AIPM Executive Director Bob Twillman, PhD, responded, noting that in his experience, instead of calling in a verbal order to a resident, he might focus on sharing the assessment results and explaining why the treatment plan is what it is. “We need to aim for transdisciplinary care over multi- or inter-disciplinary care—we all need to be experts at what we do,” he said. “I need to be an expert on the psychology of pain why also understanding what the interventional options are and why and when they may be helpful to explain to the patient.”

Added Daniel B. Carr, MD, of Tufts Medical School: “Pain cannot be treated when some team members undermine others or when attending physicians deny their residents’ requests to carry out an order from another team member.” Andrey Ostrovsky, MD, of the Baltimore-based Concerted Care Group, chimed in as well: “We need a culture that awards interdisciplinary care – it’s not going to come from legislation. Furthermore, transdisciplinary care may alleviate silos and even turnover in specialties.” Read more about the intersection of chronic pain, opioid use, and mental health in this town hall overview.
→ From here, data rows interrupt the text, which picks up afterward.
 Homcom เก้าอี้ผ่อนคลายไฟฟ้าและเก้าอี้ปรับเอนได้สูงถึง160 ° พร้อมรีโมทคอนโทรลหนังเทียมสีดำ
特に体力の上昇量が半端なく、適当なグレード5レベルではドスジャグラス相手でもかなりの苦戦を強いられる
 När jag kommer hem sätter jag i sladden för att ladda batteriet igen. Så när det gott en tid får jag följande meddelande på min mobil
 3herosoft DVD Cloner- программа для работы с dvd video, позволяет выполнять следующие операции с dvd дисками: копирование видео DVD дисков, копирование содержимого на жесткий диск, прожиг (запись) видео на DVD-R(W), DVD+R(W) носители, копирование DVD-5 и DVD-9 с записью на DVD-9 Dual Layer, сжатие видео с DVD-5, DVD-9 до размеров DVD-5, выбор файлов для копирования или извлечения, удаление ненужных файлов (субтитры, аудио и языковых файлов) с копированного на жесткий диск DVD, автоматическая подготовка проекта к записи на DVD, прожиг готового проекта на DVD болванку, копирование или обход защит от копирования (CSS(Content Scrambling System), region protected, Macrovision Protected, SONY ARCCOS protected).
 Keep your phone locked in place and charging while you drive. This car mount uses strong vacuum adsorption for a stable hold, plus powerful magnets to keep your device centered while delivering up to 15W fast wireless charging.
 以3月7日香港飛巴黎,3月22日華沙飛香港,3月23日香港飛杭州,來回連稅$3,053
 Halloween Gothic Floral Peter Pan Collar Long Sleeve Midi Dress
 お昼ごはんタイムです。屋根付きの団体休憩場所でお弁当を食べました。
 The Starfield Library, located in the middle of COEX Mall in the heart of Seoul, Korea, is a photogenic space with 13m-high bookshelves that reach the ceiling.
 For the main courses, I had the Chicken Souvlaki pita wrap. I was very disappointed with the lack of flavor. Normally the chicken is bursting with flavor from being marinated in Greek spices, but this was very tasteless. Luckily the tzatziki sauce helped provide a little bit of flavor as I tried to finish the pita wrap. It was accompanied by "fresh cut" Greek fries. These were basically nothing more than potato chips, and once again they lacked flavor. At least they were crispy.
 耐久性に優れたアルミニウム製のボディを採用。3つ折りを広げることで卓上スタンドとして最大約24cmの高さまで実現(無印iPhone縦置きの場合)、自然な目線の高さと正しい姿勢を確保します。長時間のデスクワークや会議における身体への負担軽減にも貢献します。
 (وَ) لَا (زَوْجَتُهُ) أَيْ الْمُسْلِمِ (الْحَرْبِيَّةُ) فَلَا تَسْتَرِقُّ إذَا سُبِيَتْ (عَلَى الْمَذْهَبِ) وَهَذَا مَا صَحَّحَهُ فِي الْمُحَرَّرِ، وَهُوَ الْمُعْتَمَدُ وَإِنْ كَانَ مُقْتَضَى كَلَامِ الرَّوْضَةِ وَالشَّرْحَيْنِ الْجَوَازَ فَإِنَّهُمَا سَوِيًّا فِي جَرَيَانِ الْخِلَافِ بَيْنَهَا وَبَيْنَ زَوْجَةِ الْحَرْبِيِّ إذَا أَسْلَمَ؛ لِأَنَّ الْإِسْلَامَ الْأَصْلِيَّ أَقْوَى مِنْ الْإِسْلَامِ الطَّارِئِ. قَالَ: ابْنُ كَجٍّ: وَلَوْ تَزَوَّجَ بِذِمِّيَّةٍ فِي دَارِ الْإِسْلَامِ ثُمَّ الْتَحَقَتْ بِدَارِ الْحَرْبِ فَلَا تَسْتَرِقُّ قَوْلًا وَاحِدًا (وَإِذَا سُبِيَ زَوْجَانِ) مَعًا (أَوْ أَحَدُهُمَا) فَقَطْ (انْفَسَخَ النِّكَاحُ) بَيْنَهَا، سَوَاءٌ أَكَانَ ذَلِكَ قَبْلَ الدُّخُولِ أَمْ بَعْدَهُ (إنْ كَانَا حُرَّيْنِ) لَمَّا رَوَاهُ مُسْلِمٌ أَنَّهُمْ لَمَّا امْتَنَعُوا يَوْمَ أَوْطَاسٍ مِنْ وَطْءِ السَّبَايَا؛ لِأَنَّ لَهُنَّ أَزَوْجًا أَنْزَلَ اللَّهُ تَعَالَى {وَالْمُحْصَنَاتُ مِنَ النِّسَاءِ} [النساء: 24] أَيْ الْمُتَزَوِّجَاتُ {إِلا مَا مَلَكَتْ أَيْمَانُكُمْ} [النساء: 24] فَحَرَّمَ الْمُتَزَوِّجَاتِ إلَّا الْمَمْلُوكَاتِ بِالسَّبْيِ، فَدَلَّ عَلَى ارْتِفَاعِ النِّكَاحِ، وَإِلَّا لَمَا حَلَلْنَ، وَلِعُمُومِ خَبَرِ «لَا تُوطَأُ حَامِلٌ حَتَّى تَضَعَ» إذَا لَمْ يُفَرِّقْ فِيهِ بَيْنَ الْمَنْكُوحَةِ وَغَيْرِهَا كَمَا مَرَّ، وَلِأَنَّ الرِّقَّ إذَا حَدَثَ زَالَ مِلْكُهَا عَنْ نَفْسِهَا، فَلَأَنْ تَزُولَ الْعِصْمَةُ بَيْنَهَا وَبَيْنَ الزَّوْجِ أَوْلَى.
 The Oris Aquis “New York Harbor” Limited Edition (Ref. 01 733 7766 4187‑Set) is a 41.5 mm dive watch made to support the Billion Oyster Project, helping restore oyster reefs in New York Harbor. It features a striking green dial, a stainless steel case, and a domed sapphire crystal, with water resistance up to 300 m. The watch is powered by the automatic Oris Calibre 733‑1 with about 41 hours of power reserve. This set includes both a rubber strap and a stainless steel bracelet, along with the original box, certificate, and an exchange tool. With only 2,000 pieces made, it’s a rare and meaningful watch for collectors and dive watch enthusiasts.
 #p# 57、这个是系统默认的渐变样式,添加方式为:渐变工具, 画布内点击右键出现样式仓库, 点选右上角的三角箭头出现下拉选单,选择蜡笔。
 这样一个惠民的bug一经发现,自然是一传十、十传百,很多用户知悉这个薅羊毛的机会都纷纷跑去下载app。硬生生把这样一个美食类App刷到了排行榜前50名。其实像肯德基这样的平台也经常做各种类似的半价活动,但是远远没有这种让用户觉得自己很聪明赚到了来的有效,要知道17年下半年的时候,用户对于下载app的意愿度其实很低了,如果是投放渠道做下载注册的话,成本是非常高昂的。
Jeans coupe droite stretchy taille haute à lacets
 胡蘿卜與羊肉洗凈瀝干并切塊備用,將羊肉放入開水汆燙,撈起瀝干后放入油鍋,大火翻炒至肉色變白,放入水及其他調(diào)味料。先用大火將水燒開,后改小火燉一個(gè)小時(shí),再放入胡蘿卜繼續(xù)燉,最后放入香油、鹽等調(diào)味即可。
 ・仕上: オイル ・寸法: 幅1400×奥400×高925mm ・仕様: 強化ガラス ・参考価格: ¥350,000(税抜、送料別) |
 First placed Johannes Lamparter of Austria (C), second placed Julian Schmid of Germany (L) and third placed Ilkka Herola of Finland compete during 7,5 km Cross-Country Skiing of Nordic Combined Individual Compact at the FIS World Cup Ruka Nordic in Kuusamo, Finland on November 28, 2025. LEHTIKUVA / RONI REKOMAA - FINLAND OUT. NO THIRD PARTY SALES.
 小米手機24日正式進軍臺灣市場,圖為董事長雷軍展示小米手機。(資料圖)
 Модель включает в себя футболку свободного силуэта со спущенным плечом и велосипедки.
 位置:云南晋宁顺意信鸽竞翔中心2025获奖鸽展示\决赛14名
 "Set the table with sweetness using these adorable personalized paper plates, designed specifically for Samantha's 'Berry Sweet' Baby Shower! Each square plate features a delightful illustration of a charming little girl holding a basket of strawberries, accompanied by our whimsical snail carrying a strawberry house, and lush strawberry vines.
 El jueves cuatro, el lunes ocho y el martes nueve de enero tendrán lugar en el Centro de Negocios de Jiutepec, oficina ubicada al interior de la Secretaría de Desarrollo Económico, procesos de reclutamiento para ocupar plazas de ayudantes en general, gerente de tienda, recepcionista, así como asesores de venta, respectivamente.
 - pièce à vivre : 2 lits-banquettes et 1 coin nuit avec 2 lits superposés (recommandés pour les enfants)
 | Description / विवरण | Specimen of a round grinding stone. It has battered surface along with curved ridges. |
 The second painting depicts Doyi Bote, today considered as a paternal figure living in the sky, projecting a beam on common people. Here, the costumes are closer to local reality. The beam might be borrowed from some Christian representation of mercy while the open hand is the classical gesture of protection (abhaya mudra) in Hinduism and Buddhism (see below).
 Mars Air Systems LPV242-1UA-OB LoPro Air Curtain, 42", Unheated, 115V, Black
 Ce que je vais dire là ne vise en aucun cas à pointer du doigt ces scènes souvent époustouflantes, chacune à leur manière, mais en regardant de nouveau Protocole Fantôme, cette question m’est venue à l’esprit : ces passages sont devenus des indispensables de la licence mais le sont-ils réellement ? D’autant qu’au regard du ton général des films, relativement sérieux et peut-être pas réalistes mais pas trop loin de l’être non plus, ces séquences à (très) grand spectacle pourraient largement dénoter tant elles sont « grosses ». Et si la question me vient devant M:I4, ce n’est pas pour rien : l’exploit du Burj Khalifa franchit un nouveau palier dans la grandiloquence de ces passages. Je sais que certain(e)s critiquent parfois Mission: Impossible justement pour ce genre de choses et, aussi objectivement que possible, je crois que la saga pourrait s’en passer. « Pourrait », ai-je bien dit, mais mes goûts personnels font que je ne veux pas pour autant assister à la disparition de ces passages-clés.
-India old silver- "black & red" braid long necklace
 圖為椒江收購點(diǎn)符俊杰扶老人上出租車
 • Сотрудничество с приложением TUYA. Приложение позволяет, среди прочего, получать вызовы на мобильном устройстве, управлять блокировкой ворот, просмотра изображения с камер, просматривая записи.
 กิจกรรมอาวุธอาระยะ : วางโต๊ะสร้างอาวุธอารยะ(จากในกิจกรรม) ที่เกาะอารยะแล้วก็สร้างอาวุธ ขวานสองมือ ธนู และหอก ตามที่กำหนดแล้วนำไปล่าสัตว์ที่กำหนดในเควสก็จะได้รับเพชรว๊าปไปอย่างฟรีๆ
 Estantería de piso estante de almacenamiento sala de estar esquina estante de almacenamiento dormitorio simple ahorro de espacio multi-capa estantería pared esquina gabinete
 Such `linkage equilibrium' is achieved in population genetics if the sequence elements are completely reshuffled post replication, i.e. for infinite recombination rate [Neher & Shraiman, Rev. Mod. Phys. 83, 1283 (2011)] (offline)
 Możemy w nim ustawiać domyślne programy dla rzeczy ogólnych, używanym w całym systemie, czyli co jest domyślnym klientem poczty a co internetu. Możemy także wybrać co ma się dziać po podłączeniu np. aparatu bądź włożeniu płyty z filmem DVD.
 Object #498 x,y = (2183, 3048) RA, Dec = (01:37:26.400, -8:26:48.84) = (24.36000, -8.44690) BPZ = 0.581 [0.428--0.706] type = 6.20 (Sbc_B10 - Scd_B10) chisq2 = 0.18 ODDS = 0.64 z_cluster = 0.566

It was pointed also out, with audience applause, that the bedside nurses and even cleaning crew often know more about what a hospital pain patient may be going through because they talk to the patients most. Several nurses in attendance at the AIPM summit made a point of noting how well trained they are in complementary practices, such as homeopathy and even cannabis use (see the American Holistic Nurses Association, among others), and are taking on increasing responsibilities to not only deliver this kind of care but also to explain its value to physicians.